Samsung also noted 20, 14 and 10nm all had ~60 masks just like 7nm EUV, but with some of the ~60 193i masks replaced by EUV it is actually slower overall than 10nm and thus more costly.
Sang Kim
28nm bulk technology is in mass production for several years by major semiconductor companies but not 28nm FD-SOI yet today. Why FD-SOI is not manufactured even at 28nm unlike 28nm bulk? If FD-SOI is not manufacture-able at 28nm, it will not be manufactured at any node below 28nm.
IBM created the international SOI consortium about a decade ago and then faded away. One of the biggest issues with 28nm FD-SOI is the hot carrier reliability. It is because unlike 28nm bulk the 28nn FD-SOI doesn’t have the LDD(Lightly Doped Drain) to minimize hot carrier generation. Also, the hot carrier reliability will become worse with scaling. Therefore, unless the hot carrier issue is resolved at 28nm, FDSOI can’t be realized.

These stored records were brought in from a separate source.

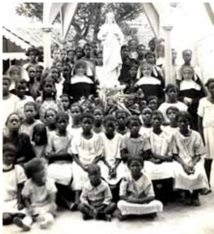
Schoolkinderen op Curaçao, circa 1920.

Deze situatie is deels te wijten aan het niet gelijkgesteld zijn van het onderwijs zoals dat in Nederland sinds 1920 is gebeurd. In 1921 wordt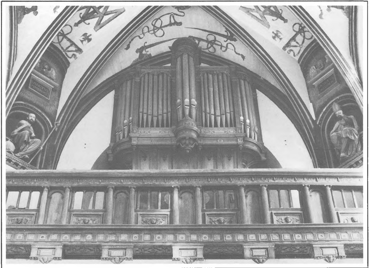
Château d'Écouen - Vue générale avec la tribune du XVI e siècle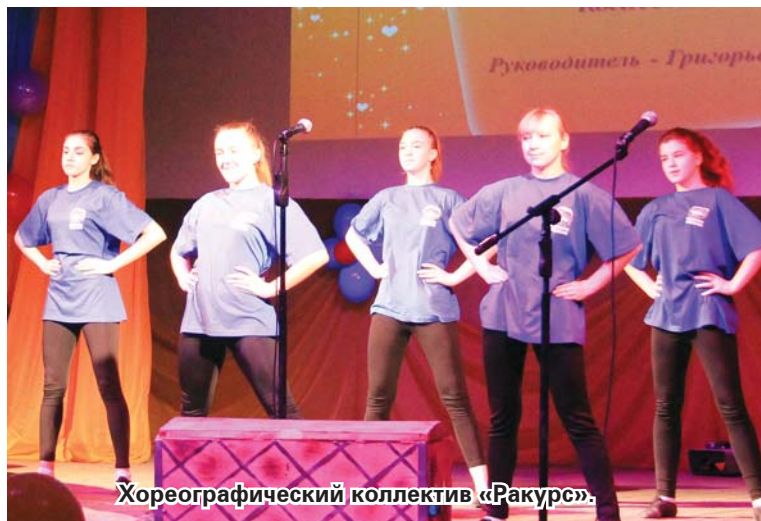
Хореографический коллектив «Ракурс».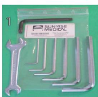
XES090000 Zestaw narzędzi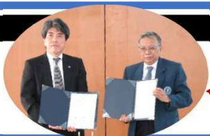
◆インドネシアバンドン工科大学との調印式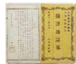
明治初期に旧尼崎藩士が作った教科書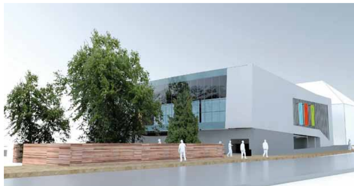
Pasaż Kultury Andromeda.

Życie kulturalne miasta jest jednym z ważnych czynników wpływających na jego rozwój, integrację mieszkańców i wzrost poczucia przynależności do danej społeczności.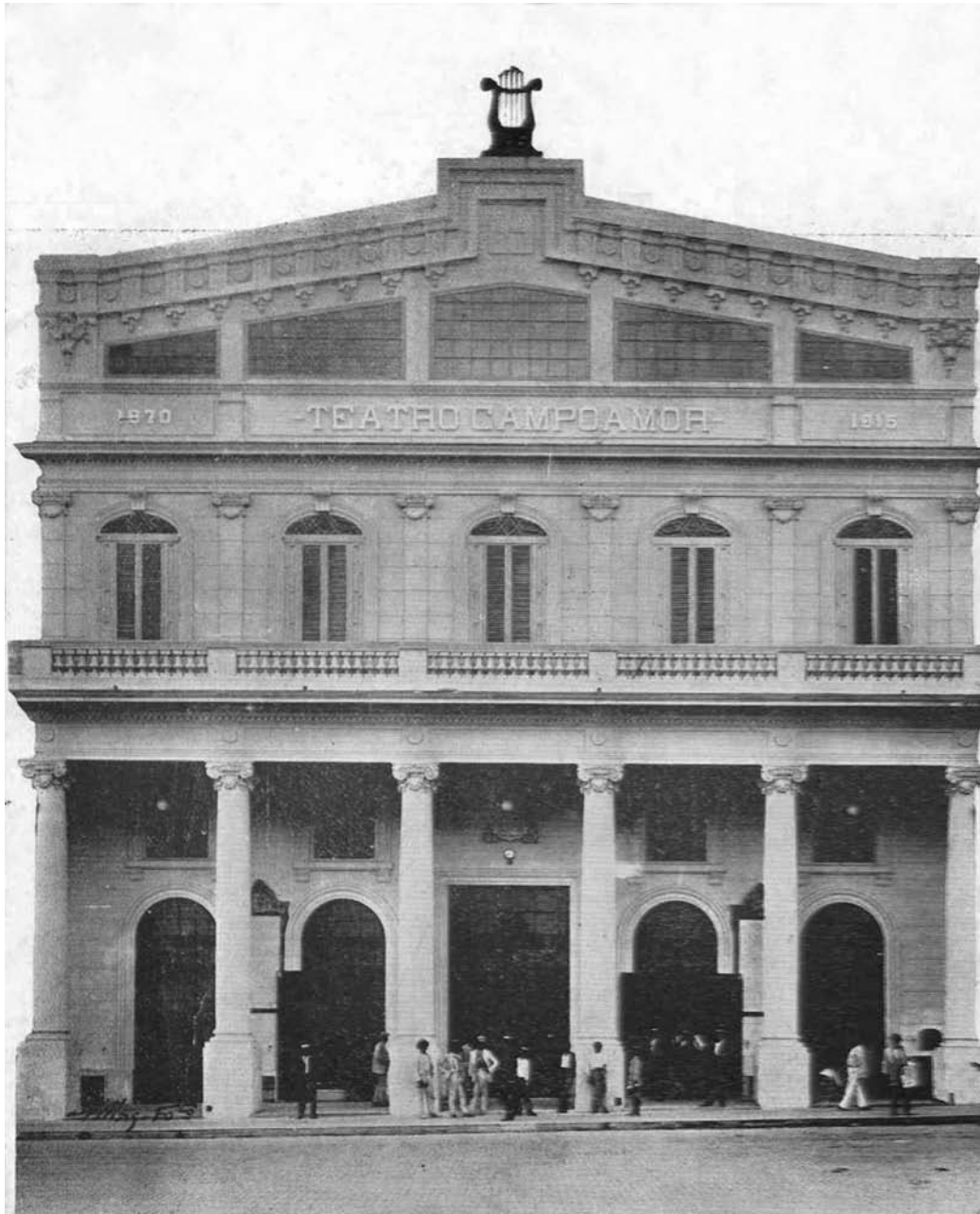
Fig. 4: El Teatro Campoamor de La Habana en 1915, apenas inaugurado.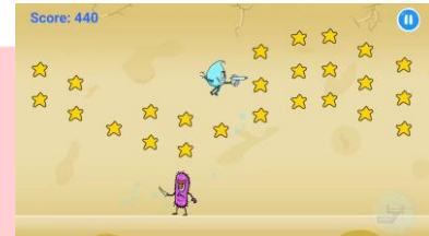
Gambar 3.4 Screenshot Level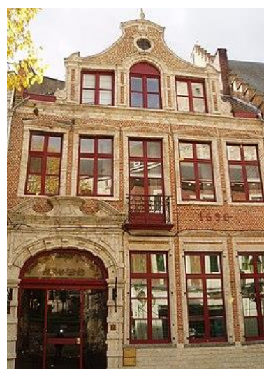
De huizen Van Ranst

Furthermore, what happens when hot carrier are generated near the drain in normal FDSOI operation? Electrons go to the positively biased drain with no harm but where the holes to go? The holes can’t go to the substrate because of the very thin burred SOI layer below. Therefore, some holes may become trapped at the burred thin oxide layer causing Vt shift but vast majority of holes drifts through the un-doped SOI channel toward the N+source, resulting in device failure, thus ending 28nm FDSOI.
Also, how thin SOI thickness is required for 14nm that is manufactured by Intel over three years? About 4nm! I doubt 4nm can be deposited uniformly and reliably over 12″ wafers at the manufacturing line. If not manufacture-able, FDSOI is not scale-able.